The first thing you might try is to set the Anisotropy for each Image to a value higher than 1. Perhaps 2 or 3.
https://developer.playcanvas.com/en/user-manual/assets/textures/
Next, you might want to try unchecking the convert to Powers of Two feature that causes PlayCanvas to resample your imported images to dimensions that are Powers of Two. For instance, 64, 128, 256, 512 etc.
Settings / Asset Tasks / Textures POT
Uncheck this box so that your image is not resampled to a Powers of Two. Having this checked causes PlayCanvas to automatically upsample your image to nearest (but larger dimensioned) power of 2 size.
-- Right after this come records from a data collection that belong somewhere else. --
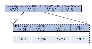 Los "títulos de video" pueden ser películas, videos o álbumes. Un título está formado por "Conjuntos de bloques de objetos de video" (VOBS) y cada uno de ellos contiene: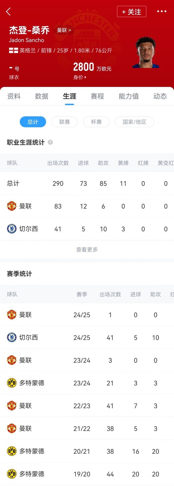 桑乔2021年夏窗以8500万欧元的转会费从多特加盟曼联,2024年冬窗他又被回租至多特。两次着力多特时分,桑乔共为多卓绝战158次,打入53球67助攻。
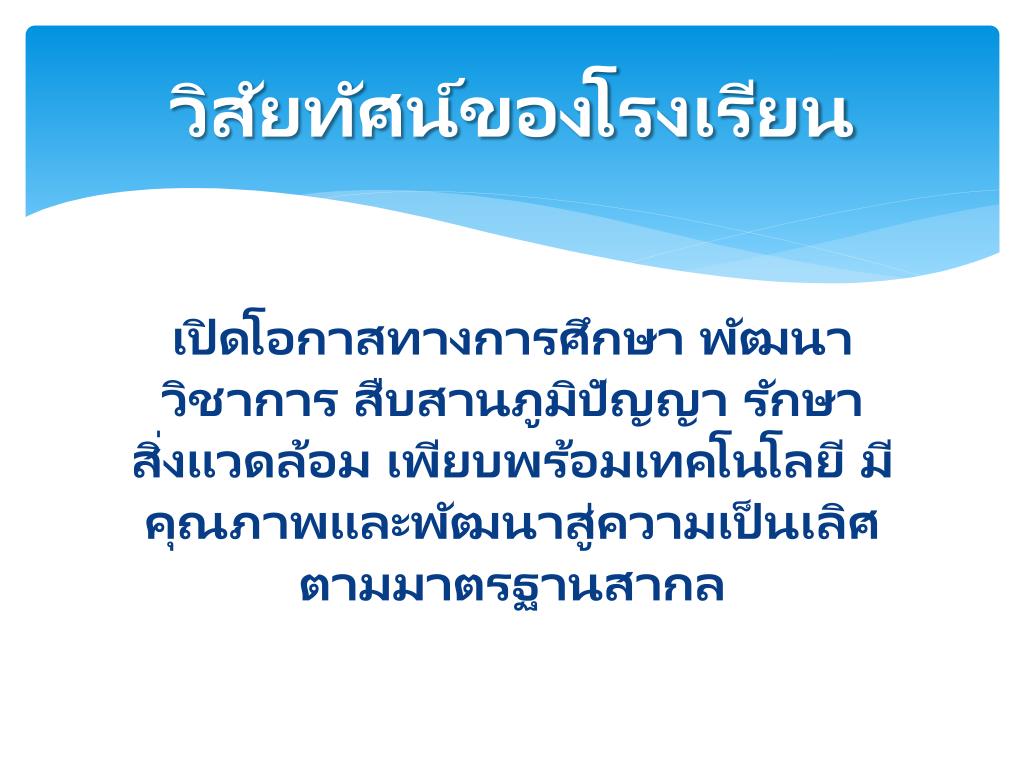 วิสัยทัศน์ของโรงเรียนวิสัยทัศน์ของโรงเรียน เปิดโอกาสทางการศึกษา พัฒนาวิชาการ สืบสานภูมิปัญญา รักษาสิ่งแวดล้อม เพียบพร้อมเทคโนโลยี มีคุณภาพและพัฒนาสู่ความเป็นเลิศตามมาตรฐานสากล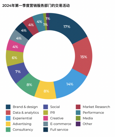 早2024年第一季度,品牌和设计成为收购者最喜欢的营销服务类别。它占据了其记录的所有营销服务交易的17%,数据和分析以16%位居第二。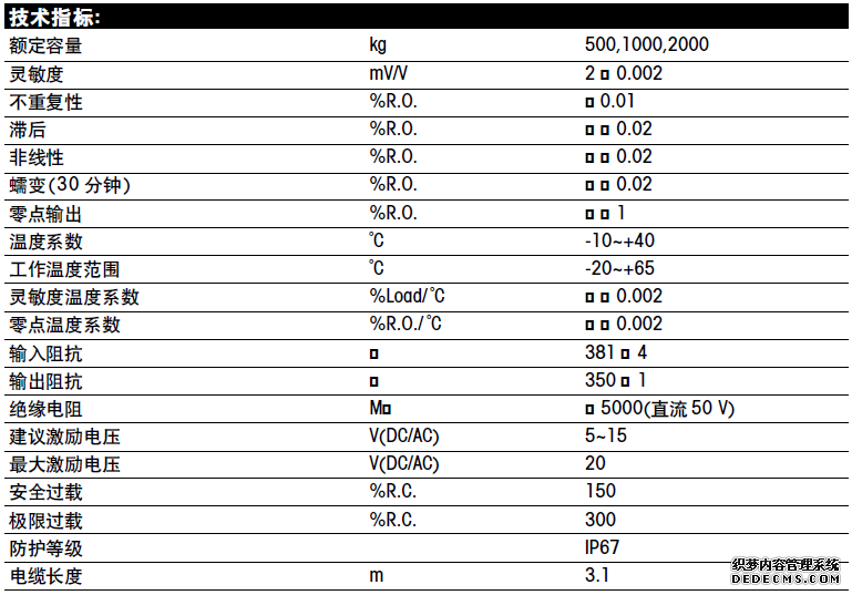 il-500kg 單點式鋼質(zhì)傳感器,容量500kg,2.5m電纜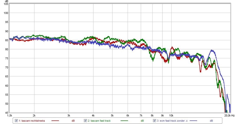 Blue line = EMC8000 mic connected to the USB audio card (M-audio Fast Track) WITHOUT .cal-file
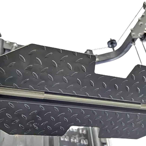 The removable low row footplate offers a textured, anti-slip surface to ensure secure footing and added stability during seated or low-position exercises.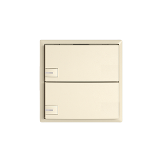 EDIZIO.liv • KNX-Taster RGB • 21-30 V DC SELV • Grundbedarf max. 250 mW • KNX-Busanschlussklemme • Inklusive KNX Secure Busankoppler • Besteht aus Funktionseinsatz mit bis zu acht möglichen Tastenbelegungen • Mit Temperaturfühler • SNAPFIX® Befestigungssystem • Mit RGB-LED rot, grün, blau, weiss, gelb, volett, und 2 frei definierbaren Anwenderfarben • Zusätzliche Leistung pro LED max. 10 mW • Zweifach-Taste • 1-Tastenbedienung • Einbautiefe 22 mm • G.A • crema • IP20 • 60 x 60 mm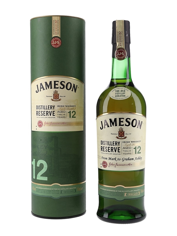 A bottle of Jameson 12 Year Old Distillery Reserve, exclusive to the Old Distillery, Midleton, County Cork. This was specially labelled for London's Merchant House cocktail bar.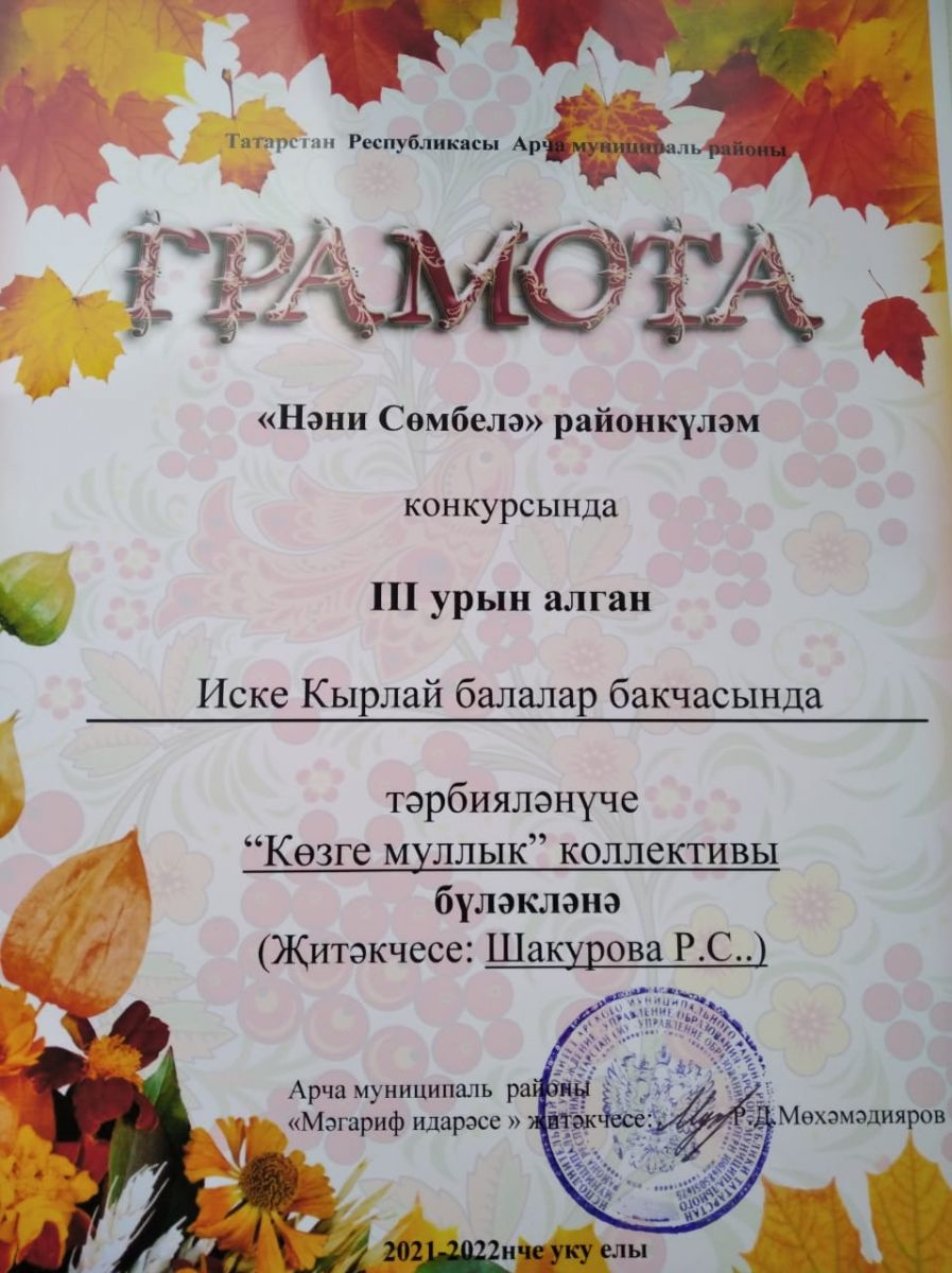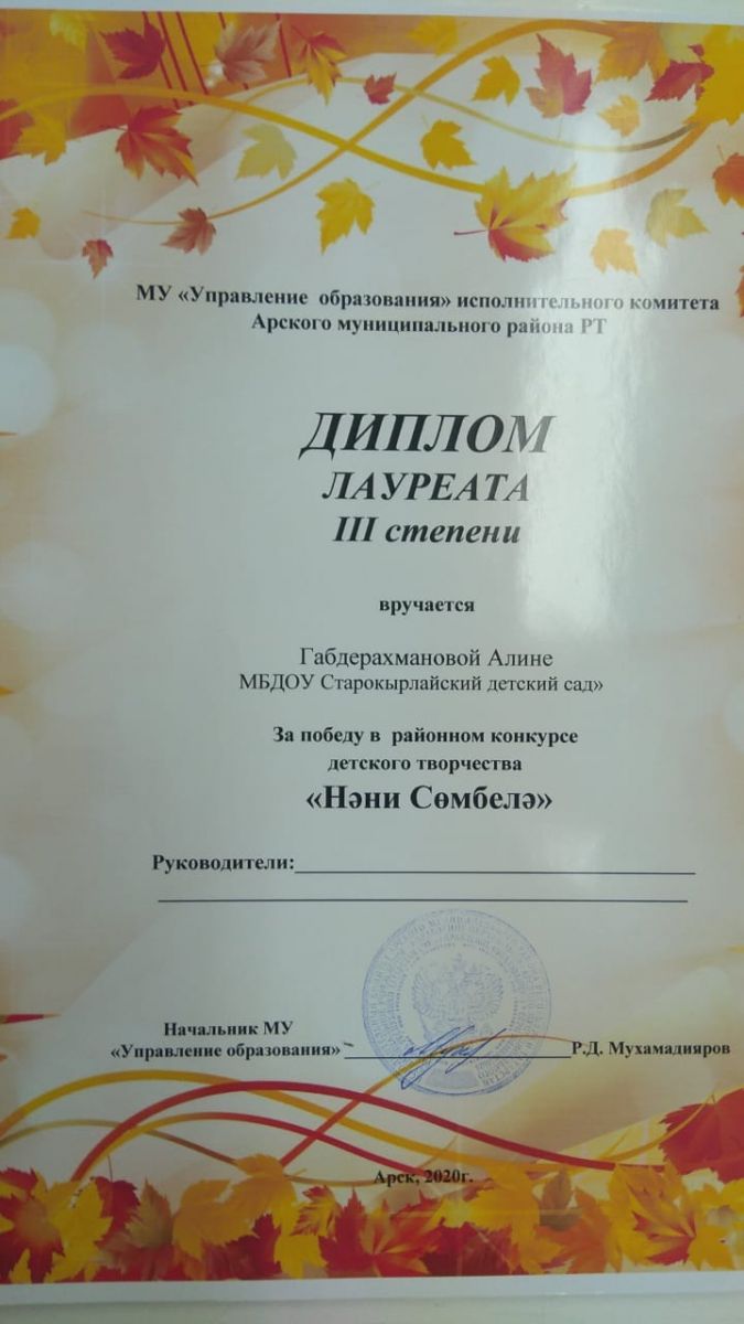 Муниципальное бюджетное дошкольное образовательное учреждение «Старокырлайский детский сад Арского муниципального района РТ»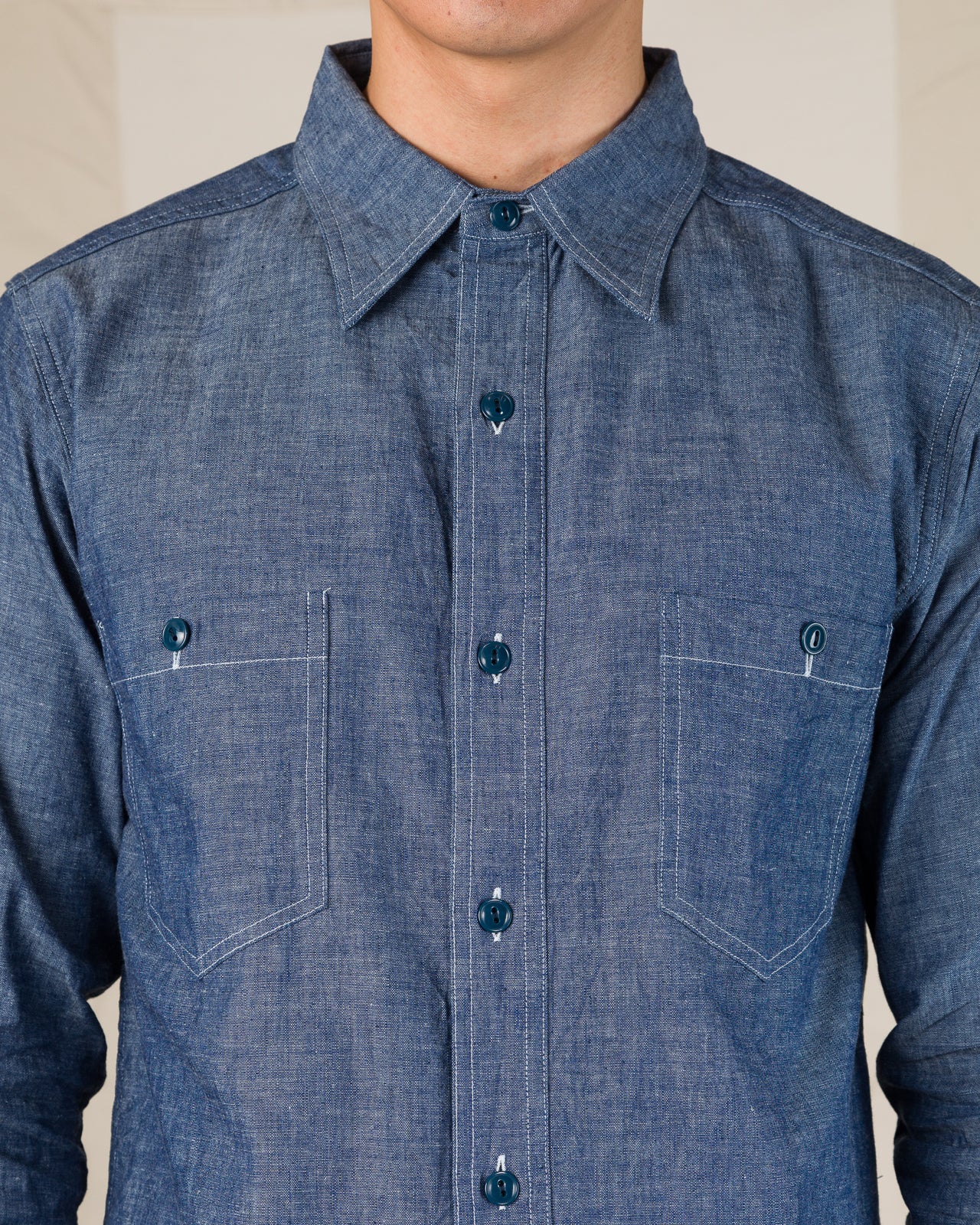 It's made from a handsome 100% cotton chambray with an irregular and slightly slubby surface texture. Crisp and breathable, it will soften over time from wear and washing, fading slightly too. It all closes up with urea buttons, a nod to the originals, with fun additional details, like selvedge side gussets and contrasting stitching throughout.

Note that you’ll have to reimport an image to test this.
But doing this may not be optimal. I think having non- Power of 2 dimensioned images will disable mipmapping for those. the ideal would be to create your images from scratch with Powers of 2 dimensions at the appropriate scale.
From Max ([SOLVED] Recommended Image Size & Type for Skybox/Cubemap?)
In WebGL in order to get mipmaps generated and have good textures quality, webgl needs to use power of two resolution, which is: 2, 4, 8, 16, 32, 64, 128, 256, 512, 1024, 2048, 4096, 8192, etc.
By default uploaded textures will be resized to PoT resolution. CubeMap wont work if it is not PoT resolution.
So yes, you want to upload PoT textures to preserve best quality.
If it were me, I’d seriously consider (or at least experiment with) using text elements and not images. Or perhaps even 3D objects. That way the text gets rendered optimally and you don’t have to worry about pixels getting re-sampled.
I have no clue regarding the overlap unless, perhaps the images are offset from the board by a significant degree.